Especially the cheaper B350 and X370 boards... The crazy expensive Gigabyte Aorus Gaming 5 is still in Stock everywhere. And many places still have the first board to hit the market here - Asus Hero...

2 Likes

That batch should be sold by now anyway. Estimated delivery is 31st for me.

Places like microcenter that have a thing where you can only buy one per household is still in stock. But microcenter is based in the US.

Here is some benchmarking. Based on 6 core 12 thread and 4 core 8 thread.

I am still waiting on seeing better single core performance in the future from Ryzen at an affordable price. About affordable price .... LOL at that happening in Canada with our dollar and with NCIX really having no competition when it comes to computer hardware pricing.

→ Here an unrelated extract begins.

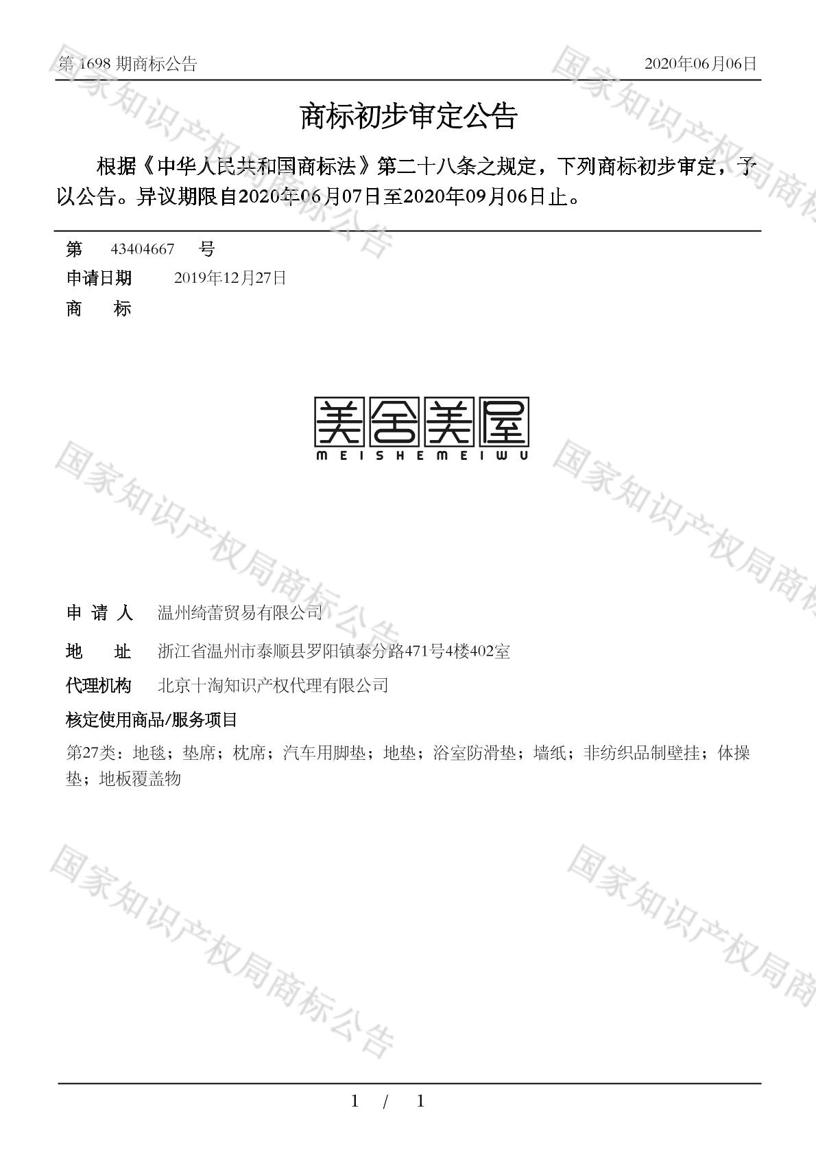2701-地毯;2702-垫席;2702-枕席;2703-体操垫;2703-地垫;2703-地板覆盖物;2703-汽车用脚垫;2703-浴室防滑垫;2704-墙纸;2704-非纺织品制壁挂 - 1698

https://community.amd.com/thread/211126

I'm curious about this new fabric thing... I've read pages and pages how cores, modules, and cash work on RyZen... And heard all the talk about Win scheduler, which turned out to be nothing but the hot air.
However, I haven't seen yet in-depth analysis of the new thing here, which is the infinity fabric. How does it work? What about it's design? Is it just a bus, or a more sophisticated matrix? How does it behave on different voltages, frequencies, or temperatures? How could it possibly bottleneck the CPU, cause problems with memory controller, or limit overclocking range for the CPU?

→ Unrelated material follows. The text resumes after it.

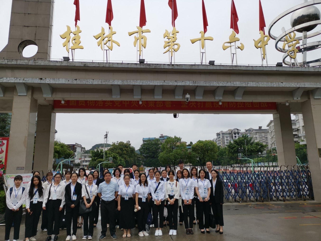 2020年9月21日星期一上午时分,伴随着萧瑟清爽的秋风,校车搭载着实习生,到达了瑰丽的南溪山畔。实习生们出了车门,在两名带队老师曾强、唐让操老师的带领下,缓缓前行。步行数十米后,映入眼帘的,便是一扇耸立的中学校门。桂林市第十六中学,建校至今已有38年之久,是桂林出名的老牌中学。实习生与两名带队教师,在桂林市第十六中学的校门前合影留念——在接下来的三个月内,这些实习生们,将在桂林市第十六中学内,学习老教师们丰富的教学经验和班级管理经验,努力关怀所负责的每一名学生。实习生们将在这三个月的历练中受益,他们立志,他们将成为一个个合格的、优秀的实习教师。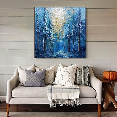 Dipinto a olio fatto a mano su tela, decorazione da parete, moderno, astratto, con texture, paesaggio forestale, per soggiorno, arredamento per la casa, dipinto appeso su telaio teso/dipinto

RyZen is interesting, because it is essentially a SoC, and it's also interesting if and how meddling with one thing can get you in a trouble with another... There's also this SenseMI thing, which seems cool, does it's thing, but is also yet another link in the chain. Lots of suspects here.

But before loosing the scope, I believe that this infinity fabric thing should be studied more thoroughly, in order to fundamentally understand what's happening inside RyZen, and how it could be improved, before analyzing controllers and cores. It keeps it all together, it it really does matter. Like really, really. Perhaps a possible topic for a future L1T video? :-)

1 Like

I'm sorry but WCCFtech is not a valid source. So please find a different one.

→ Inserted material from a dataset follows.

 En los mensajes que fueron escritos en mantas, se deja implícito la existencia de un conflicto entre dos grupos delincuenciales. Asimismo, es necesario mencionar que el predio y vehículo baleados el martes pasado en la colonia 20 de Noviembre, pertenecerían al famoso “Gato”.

But, the infinity fabric is interesting. IT means that memory speeds really do matter again, lol.

Yes, and yes. It's PCIe connections between the CCX modules.

Doesn't bottleneck the CPU, it can bottle neck super high end GPUs at 1080P but who goes and buys a 1080Ti for 1080P lol.

It won't have anything to do with either of those. In fact faster memory helps the Infinity fabric. And overclocking on Ryzen is "poor" (not really but kinda) because it's a first gen uArch so.

Fancy word for a super accurate monitoring tool. So the CPU knows what temp its at, etc, at all times, down to the ms, and can make changes in the ms range to boost frequency and such.

1 Like

Windows scheduler is working properly, but that doesn't mean it has the proper scheduler. I read somewhere maybe here that a NUMA based scheduler would increase performance. This is meant for dual socketed systems, which Ryzen technically is dual cpu with a bridge between the two on one silicon chip. Hence the reason AMD performs better with faster ram than intel does.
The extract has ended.